Users upgrading to the new technology might choose M3 or M12 to replace a probe at either a low or high frequency, depending on their mix of patients or interest in specific applications. But they probably would not need both.
"We have the ability to be more flexible with any one probe," said Dr. Thomas Stavros, an assistant clinical professor at the University of Colorado. "We could scan with one probe and arrive at the same answer as if we used more than one probe operating at different frequencies."
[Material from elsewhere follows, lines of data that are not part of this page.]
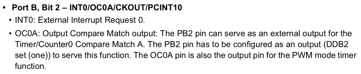 In the description of OC0A pin, it shows “The OC0A pin is also the output pin for the PWM mode timer function”.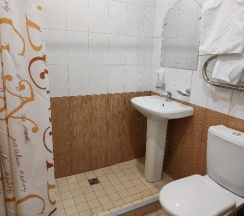 Отель вроде неплохой, но есть свои минусы. Во первых, в номере не было тапочек и зубных принадлежностей. В ванной комнате находился душ без каких-либо бортиков на полу. Вся вода текла прямо по всему полу. До 23.00 громко звучала музыка в ресторане, ее слышно через два этажа. Покушать вечером в гостинице нам сказали, что мы не сможем из-за проводимого мероприятия, видимо от которого и был весь шум. Пришлось выходить в кафе.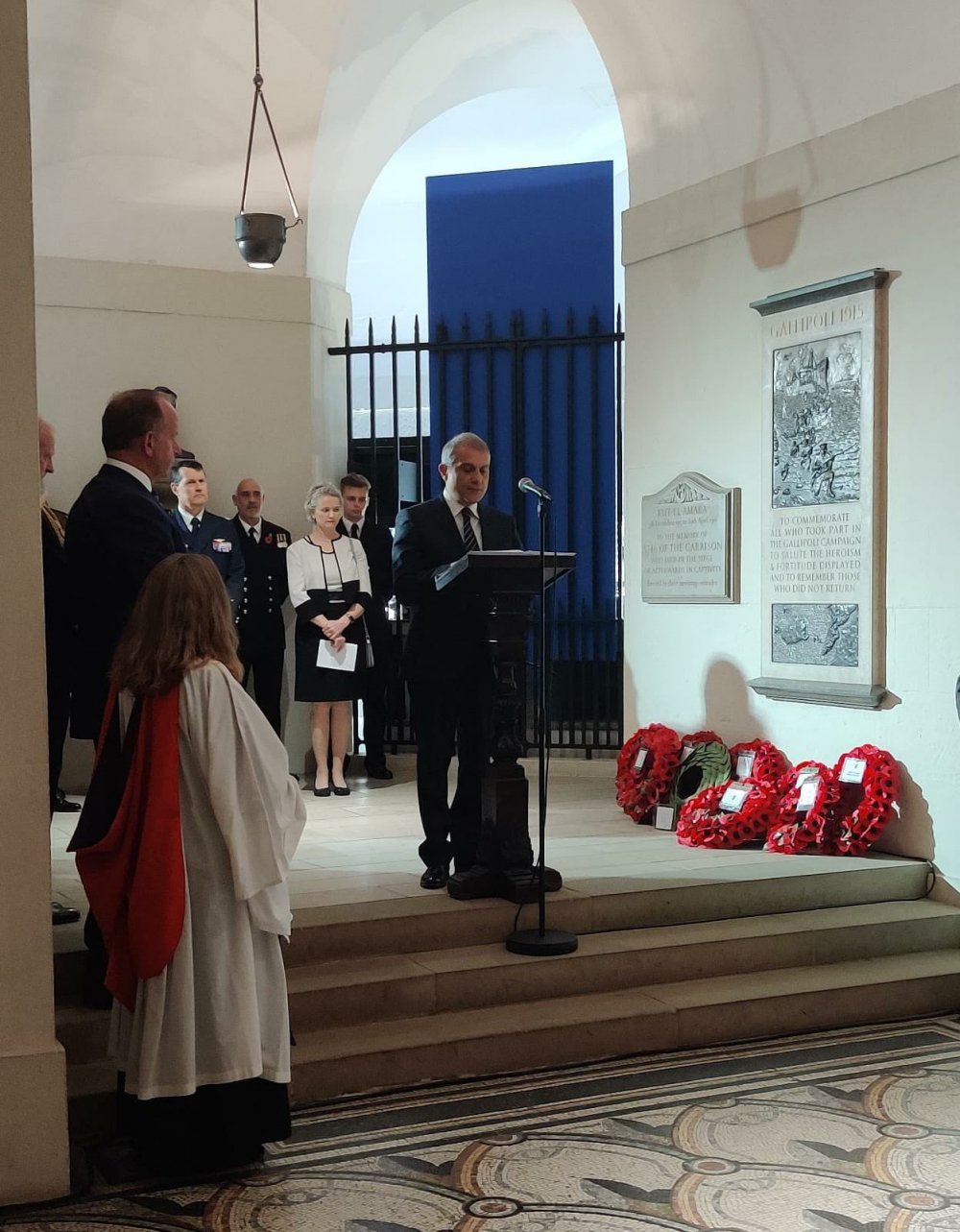 Turkey's UK Air Attache, Group Captain Serkan Virlan said: "Dear Guests: we are gathered here in front of the fallen, to remember them and pay our gratitude for their sacrifices. We shall remember them not only to recognise their sacrifice but also to remind ourselves and teach our children how horrible wars are. Most unfortunate human history is written with conflicts and human losses.

Each new 2-D probe from GE lists at $30,000, although Ishrak stated that the company plans to work with customers through trade-ins of existing probes or other financial incentives that might support their acquisition of the technology. Buyers will have to come up with an additional $15,000 or so to obtain the Voxel Image Processor that will allow these probes to reach their potential. Because the 3-D capability has yet to be cleared by the FDA, the company has not set a price for this part of the upgrade.
Clearance is anticipated in a matter of weeks, however, at which time the technology will be available immediately for shipping. Customers seeking to upgrade to the currently available technologies can expect to receive product within 60 days of ordering.
The new release and anticipated 3-D adjunct are just the first steps toward a far more advanced ultrasound system that Ishrak envisions in the years ahead. That system will take shape incrementally as GE engineers craft and assemble the pieces as part of their annual technology introductions.